Opened in 1977, the museum was a gift from philanthropist George C. Page. He moved from Nebraska to California in 1917, and was fascinated by fossils and the Tar Pits, which led to him offering to finance the creation of the museum in 1973. Now visitors are able to bear witness to the excavations and exploration done on this amazing preservation site.

The Museum has over thirty exhibits, all of which provide a fascinating glimpse into the world of paleontology and the natural history of the California area.

One of the best of the exhibits is the Glass walled working area for actual Paleontologists. Visitors can watch these people hard at work, cleaning and researching the various fossils that are constantly being brought in from the Tar Pits.

The actual skeletons of many of the animals found here are on display at the museum.

Another exhibit holds life-size robotic animal sculptures, that sound and move just like the real thing. These provide for an interesting comparison to the skeletons, and allows visitors to get an idea of what these creatures really looked like.

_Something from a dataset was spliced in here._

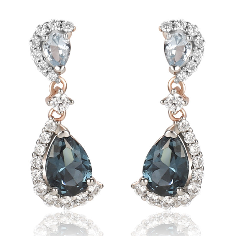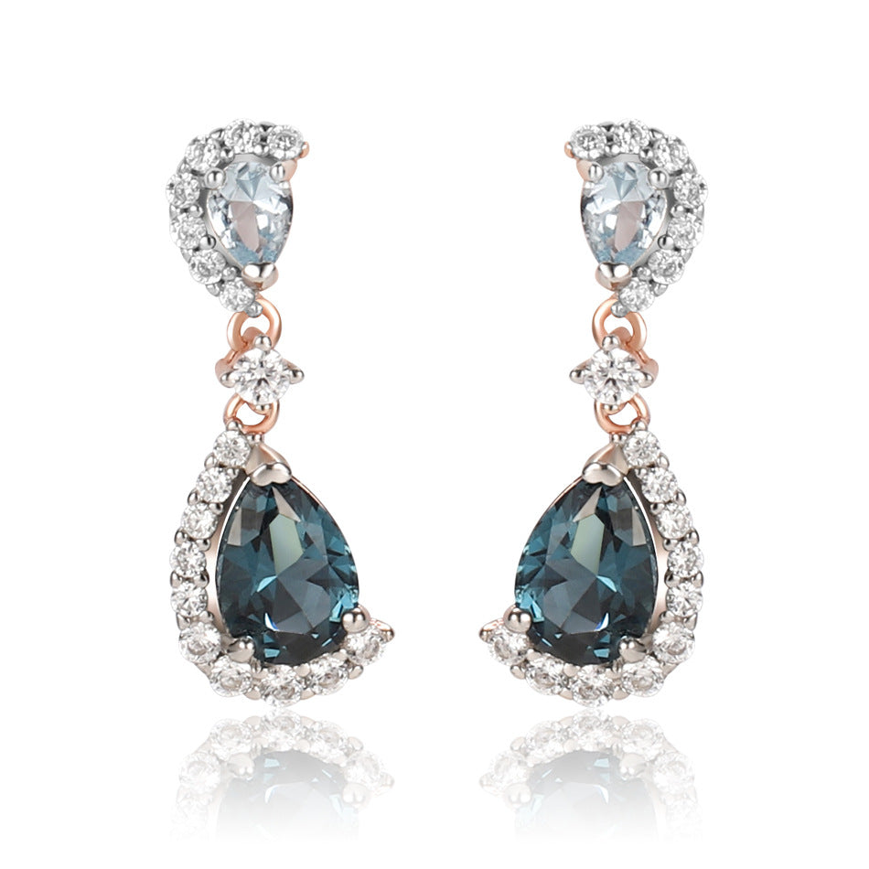 Sky London Blue Rose Gold Color Separation Electroplated Stud Earrings
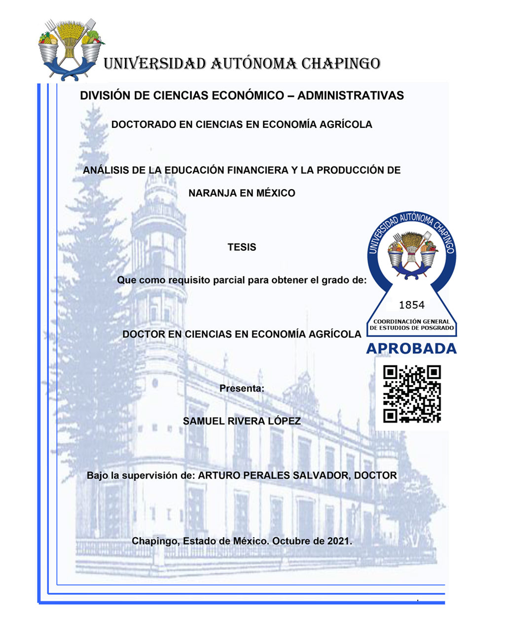 Tesis (Doctorado en Ciencias en Economía Agrícola)

One of the exhibits actually holds the only human remains ever found in the Tar Pits, those of a 9000-year-old Chumash Indian-like woman. Research suggests that the woman was actually murdered before being thrown into the liquid asphalt.

For a better idea of the history of the area, take some time to see the film that runs in the museum as well.

To see where much of the Tar comes bubbling to the surface, take a walk through Hancock Park. This mostly-grassy park is a nice place to relax and let the kids burn off some steam, and there is an actual excavation site you can visit, where scientists are digging for fossils.